Vivian Zapata, an art education senior, looks at a hanging sculpture by Jimmy Peña last Tuesday in the Art Gallery at Rusteberg Hall on the Brownsville campus. ANA CAHUICHE/ THE RIDER PHOTOS.

Jimmy Peña, a Corpus Christi artist, changed directions in his career by switching from drawings to kinetic sculptures.

Last Tuesday, more than three dozen people saw that change during the opening reception of the exhibit, “Transition” in
the Art Gallery at Rusteberg Hall on the Brownsville campus.

“It helps me illustrate the different stages of work that I’ve done and how I’ve got a variety of media that I work with,”
Peña said of the exhibit, which contains drawings, paintings, photographs and his first two kinetic sculptures.

A kinetic sculpture is one that moves and is set in motion by an internal mechanism or external help, such as light or air.

“I didn’t want it to be a monotonous show; I wanted to have a variety of things,” Peña said. “So, this is the perfect opportunity.”

Peña’s main kinetic sculpture, “Satellite,” consists of a geometric female figure orbiting an inverted pyramid.

“It’s like the mother shape, you know, that shape determines the shape of the figure.

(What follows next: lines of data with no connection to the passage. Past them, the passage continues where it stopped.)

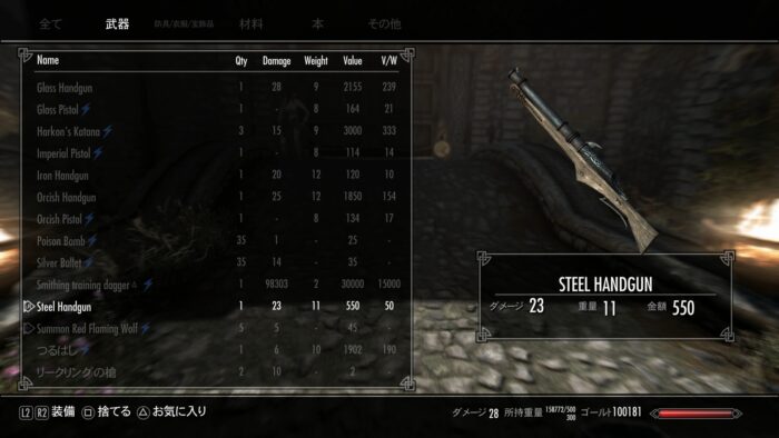 ただ、これは片手武器が背中装備になってしまう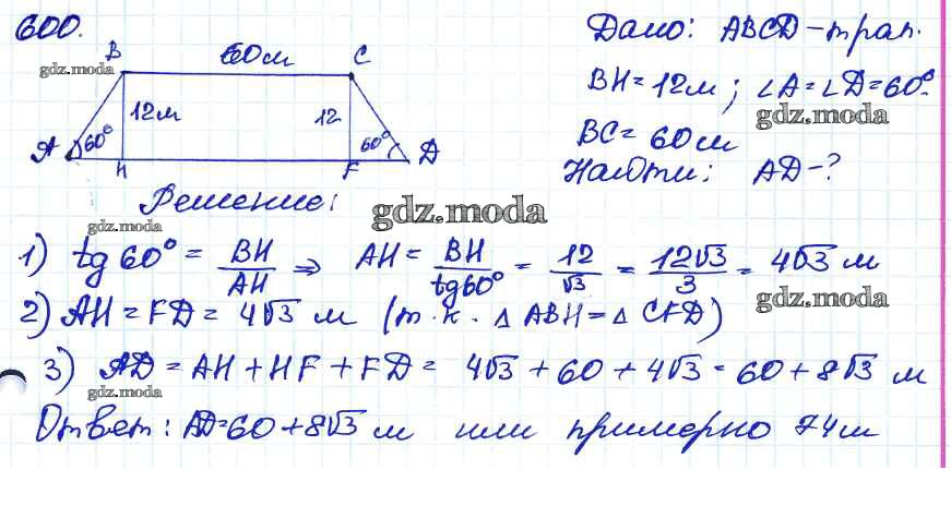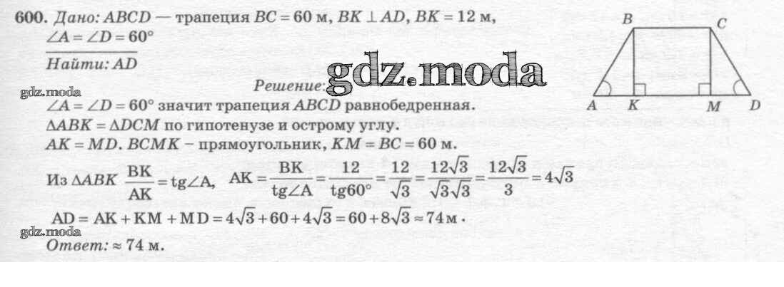 ОТВЕТ на задание № 600 Учебник по Геометрии 7-9 класс Атанасян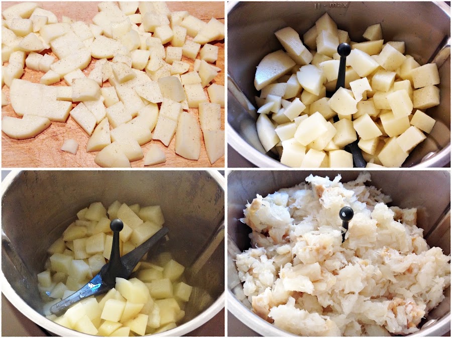 NOTA IMPORTANTE: Te aconsejo que las patatas las frías en la sartén o las cueces en el microondas, ya que alguna patata quedó un poco cruda.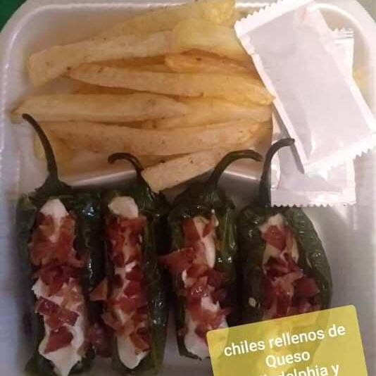 5 Chiles rellenos de philadelphia con delicioso tocino y papas fritas.

So, it’s like somehow its origins,” he said.

 

Peña said in a previous interview with The Rider that he made the transition because he gets more energized when creating kinetic pieces.

“You have the kinetic work, the sculpture that moves, which is really awesome to see because you don’t really see too much of that,” said Alejandro Macias, a lecturer in the UTRGV Visual Arts Department.

Macias wanted to expose students to the work of an artist in the middle of a transition from 2-D figurative art to
kinetic work.

“The detail in the pieces are very exquisite and you can tell that they really know their craft very well,” said Vivian Zapata, an art education senior.

The gallery’s hours are 1 to 5:30 p.m. Monday and Wednesday, 9 a.m.-1 p.m. Tuesday and Thursday, and 10 a.m.-5 p.m. Friday.